Nippon Review: Sandome No Satsujin (The Third Murder)


The Third Murder (2017): Written and directed by Hirokazu Koreeda.  Starring: Masaharu Fukuyama, Koji Yakusho, Suzu Hirose, Isao Hashizume, and Mikako Ichikawa.  Running Time: 124 minutes. 

Rating: 3/4


            Hirokazu Koreeda has an established reputation of using his films to examine complicated and troubled father/son relationships, most notably (and most explicitly) in his 2013 masterpiece, Like Father, Like Son.  Although the relationship of the main character to his second to the film’s main plot, The Third Murder very much follows this trend, where the inheritance of the past is a shadow over the present that one can never fully abandon, however much one might wish to. 

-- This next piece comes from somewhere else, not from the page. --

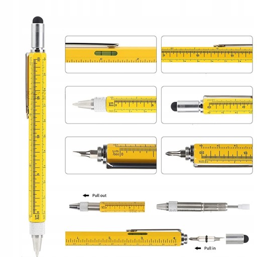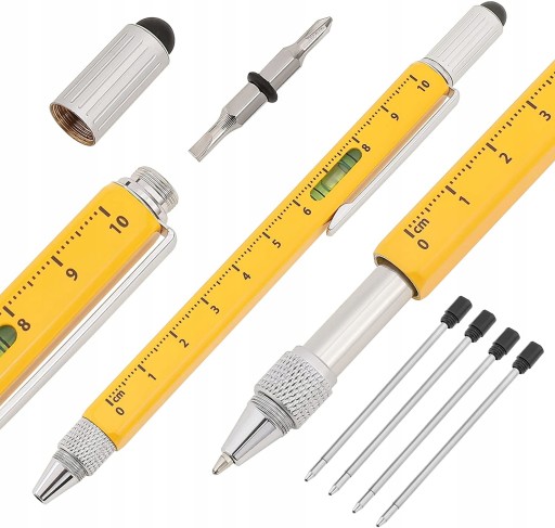 Długopis wielofunkcyjny 6 w 1: fajne gadżety dla mężczyzn posiadają 6 wielofunkcyjnych funkcji: Rysik do ekranu, poziomica, linijka centymetrowa/calowa, śrubokręt szczelinowy i krzyżakowy oraz biro. Do piór konstrukcyjnych dołączone są 4 dodatkowe wkłady, które piszą bardzo płynnie ze stałym przepływem tuszu, dając komfort pisania.

            Shigemori is a lawyer proud of his cold practicality in approaching his professional life.  He insists, repeatedly, that his own thoughts and views on a case don’t matter.  All that counts is that there is a truth about each case, and this can be presented or manipulated as needed to convince a jury of the desired outcome; all else is of lesser importance.  This worldview, an inheritance of his distant and often dismissive father (who had previously worked as a judge), runs straight into a brick wall when he is handed responsibility for the murder trial of Misumi, whose constant altering of his story befuddles him and his partner, forcing them to constantly shift their strategy on the fly. 

            Shigemori digs and digs, even traveling to the man’s hometown and paying visits to the wife and daughter of his alleged murder victim, but everything he “learns” (or rather, is told) only muddies the waters further.  A series of twists regarding the man’s past and his possible (but never confirmed) connection to the victim’s daughter forces Shigemori to confront the boundaries of what he thought was real, and what he assumed the nature of good and evil to be. 

            This is the sort of character procedural that especially depends on its acting, and the cast of this film delivers.  Masaharu Fukuyama mirrors much of the emotional distance he used to such great effect in Like Father, Like Son, and his opposite in Koji Yakusho as the alleged murderer is fascinating to watch as someone who keeps contradicting what he said before, but somehow still manages to sound firmly convincing each time he says something entirely different.   
           
            The film is also heavily marked by starkly Christian imagery.  Characters refer to themselves or others as “vessels” for either good or evil, and question the nature of free will and how morality in a person can be judged, subjects that are especially central to Christian theology.  Crosses appear in one form or another throughout the film as well, ranging from a traffic intersection to the leftover outline from where the murdered man was burned.  Thought it may not have quite the deep power of his last movie, but Koreeda’s latest nonetheless an excellent work that leaves much room for thought and debate by the end.